In the aqueous solution, triethylene glycol mono-n-butyl ether adduct adduct [CH ₂ ═C (CH ₃ ) COO (CH ₂ CH ₂ O) ₃ —n—C ₄ H ₉ ; BTG-MA] as a monomer 200.0 g was charged in 5 portions, and a 10% by mass ammonium persulfate (APS) aqueous solution was added as a polymerization initiator so that the APS was 5 parts by mass with respect to 100 parts by mass of the total mass of the monomers. Thereafter, the mixture was stirred for 30 minutes to obtain an emulsion dropping liquid.

  Next, in a 500 ml separable flask equipped with a stirrer, a reflux cooler, and a raw material charging port, 100 g of ion-exchanged water and 1% by mass, 5% by mass, or 10% by mass of the emulsion dropping liquid were added in a nitrogen atmosphere. Each was charged, heated to 80 ° C., and initial polymerization was performed for 30 minutes. In addition, in the following Tables 1-3, the addition amount of the emulsion dropping liquid in the initial polymerization is described as “Seed addition amount”.

  Thereafter, the remaining emulsion dropping solution was added dropwise over 3 hours, and after completion of the addition, the mixture was further aged at 80 ° C. for 1 hour. The obtained polymer emulsions (1) to (3) were cooled to 30 ° C. or lower and filtered through a 100 mesh screen to collect aggregates in the emulsion. In addition, agglomerates adhering to the flask and the stirring blade were also collected.
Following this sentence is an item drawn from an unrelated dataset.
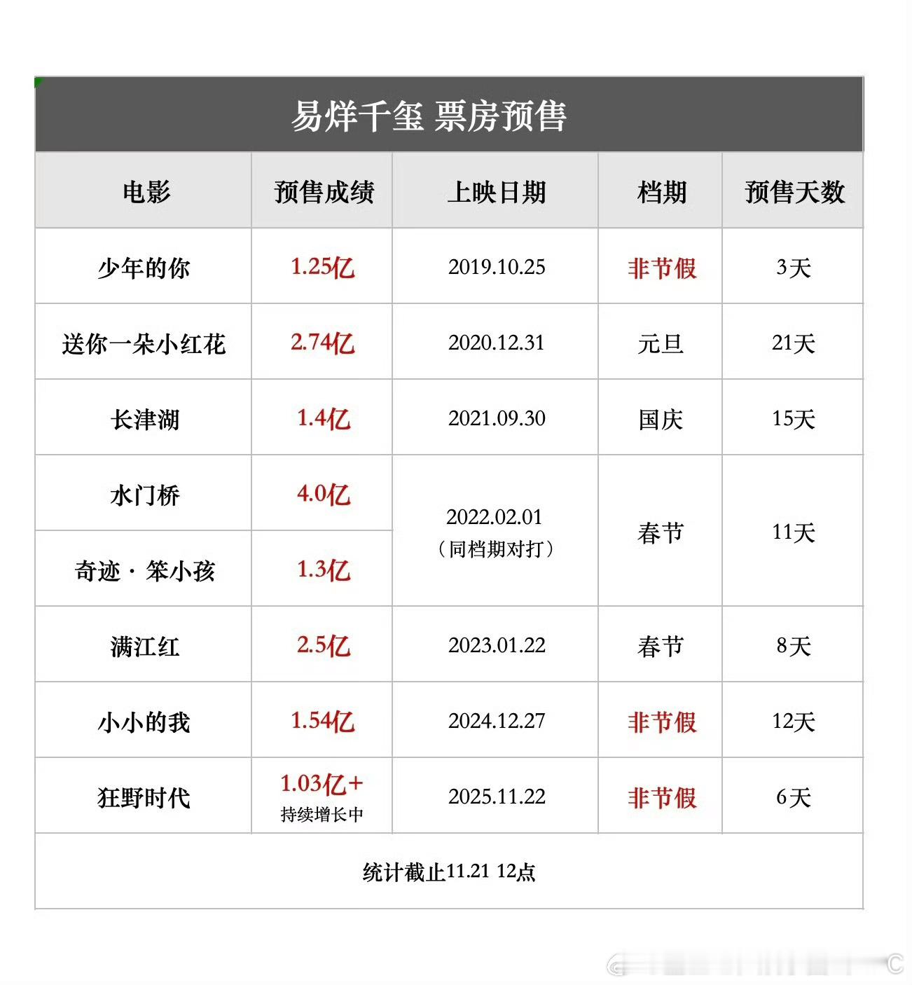 易烊千玺主演的所有电影上映前预售票房都破亿了破亿率百分百

  The mass average particle diameters of the polymer emulsions (1) to (3) were 0.190 μm, 0.152 μm, and 0.135 μm, respectively.

Synthesis example 2
BTG-MA, methyl methacrylate and acrylic acid were mixed at a mass ratio of 90: 9: 1 to prepare a monomer mixture.

  In Synthesis Example 1, 200.0 g of this monomer mixture was used instead of BTG-MA, and the same as Synthesis Example 1 except that 1% by mass or 5% by mass of the emulsion dropping liquid was charged. Thus, polymer emulsions (4) and (5) were obtained.
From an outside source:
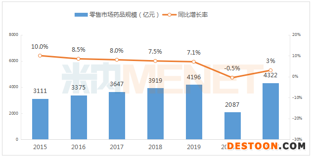 2020上半年,受“新冠”疫情影響,在人們盡量減少出行與消費(fèi)的情況下,2020上半年零售終端的藥品銷售規(guī)模出現(xiàn)負(fù)增長,但隨著人們生活逐漸恢復(fù)正常,經(jīng)濟(jì)回暖,預(yù)計(jì)2020全年零售終端的藥品規(guī)模將達(dá)到4322億元,同比去年增長3%。

  The mass average particle diameters of the polymer emulsions (4) and (5) were 0.241 μm and 0.148 μm, respectively.

Synthesis example 3
BTG-MA, methyl methacrylate and acrylic acid were mixed at a mass ratio of 90: 9: 1 to prepare a monomer mixture.

  In Synthesis Example 1, 200.0 g of this monomer mixture was used instead of BTG-MA, and New Coal 2320-SN (manufactured by Nippon Emulsifier Co., Ltd.) was used as an emulsifier (surfactant). A polymer emulsion (6) was obtained in the same manner as in Synthesis Example 1 except that 1% by mass of the product dropping liquid was charged. In addition, the said Newcol 2320-SN (made by Nippon Emulsifier Co., Ltd.) is a polyoxyalkylene alkyl ether sulfate Na salt represented by the following formula, and is referred to as N-2320SN in the following Tables 1 to 3.

  In the formula, R is a group derived from a C12C13 synthetic alcohol (meaning a mixed alcohol of a C12 synthetic alcohol and a C13 synthetic alcohol).

  The mass average particle diameter of this polymer emulsion (6) was 0.204 μm.

Synthesis example 4
BTG-MA, methyl methacrylate, styrene and acrylic acid were mixed at a mass ratio of 49: 34: 15: 2 to prepare a monomer mixture.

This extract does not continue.